Examples
One Parquet file per worker
Scan every Parquet shard instead of trusting a sample
In this example we:
- List thousands of S3 Parquet files.
- Run one PyArrow worker per file.
- Return a per-file report with rows, bytes, users, revenue, and null rates.
This is a dataset audit. If you read ten files and hope the other 4,990 look the same, you have changed the question.
Step 1: List the files
Object listing is cheap, so the client builds the work queue.
import boto3
s3 = boto3.client("s3")
response = s3.list_objects_v2(Bucket="my-events-bucket", Prefix="events/2025/")
parquet_keys = [obj["Key"] for obj in response["Contents"] if obj["Key"].endswith(".parquet")]
while response.get("IsTruncated"):
response = s3.list_objects_v2(
Bucket="my-events-bucket",
Prefix="events/2025/",
ContinuationToken=response["NextContinuationToken"],
)
parquet_keys += [obj["Key"] for obj in response["Contents"] if obj["Key"].endswith(".parquet")]

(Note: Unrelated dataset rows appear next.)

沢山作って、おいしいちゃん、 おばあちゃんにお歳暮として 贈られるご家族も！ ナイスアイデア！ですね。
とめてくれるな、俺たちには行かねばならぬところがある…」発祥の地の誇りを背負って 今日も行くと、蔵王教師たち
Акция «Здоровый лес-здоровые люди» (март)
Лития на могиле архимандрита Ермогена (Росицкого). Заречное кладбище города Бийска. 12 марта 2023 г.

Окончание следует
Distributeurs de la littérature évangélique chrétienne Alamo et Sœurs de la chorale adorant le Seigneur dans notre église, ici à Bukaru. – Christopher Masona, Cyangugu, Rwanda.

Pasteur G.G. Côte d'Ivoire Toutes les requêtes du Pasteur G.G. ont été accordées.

Step 2: Inspect one file per worker
The worker opens one object and returns a small dict. You can swap this for a schema check, transform, or rewrite.

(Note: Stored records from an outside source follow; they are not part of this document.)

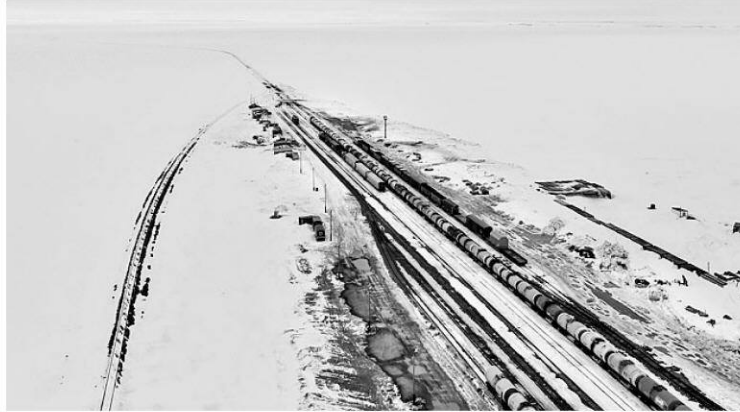
A railway station constructed to supply gas fields in the Arctic Yamal peninsula

Yet the attempt to rally US allies faces an uphill battle as the Arctic emerges as a potential 21st century geopolitical flashpoint in the way transportation routes like the Suez Canal were in the 20th. Perry was followed on stage by Dmitry Artyukhov, the governor of the Yamal-Nenets region in Russia. He spelled out the growing international involvement in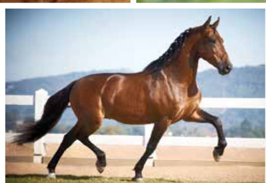
Seu pai Tigrão Kafé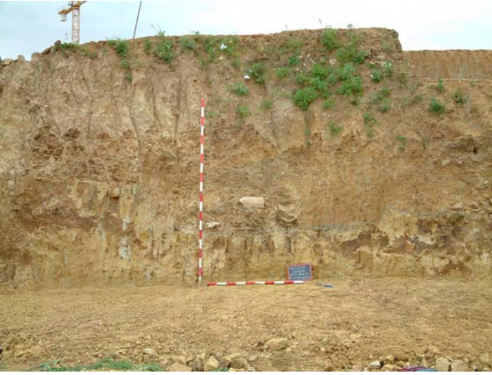
Lámina V. Vista del perfil norte del sector 3

def scan_parquet_file(key: str) -> dict:
import boto3
import pyarrow.parquet as pq
s3 = boto3.client("s3")
obj = s3.get_object(Bucket="my-events-bucket", Key=key)
table = pq.read_table(obj["Body"])
return {
"key": key,
"rows": table.num_rows,
"bytes": obj["ContentLength"],
"distinct_users": table.column("user_id").combine_chunks().unique().length(),
"revenue_sum": float(table.column("revenue").to_pandas().sum()),
}
Step 3: Build the report
Each file becomes one result row.
from burla import remote_parallel_map
stats = remote_parallel_map(scan_parquet_file, parquet_keys, func_cpu=1, func_ram=4, grow=True)
report = pd.DataFrame(stats)
report.to_csv("parquet_scan_report.csv", index=False)
What's the point?
Parquet datasets often fail by partition. One day has a bad writer. One customer shard has null ids. One backfill wrote timestamps in seconds while the rest wrote milliseconds.
Spark is great for many table scans, but a per-file audit is usually easier as normal Python. I want one row per object because that is the shape I need for triage.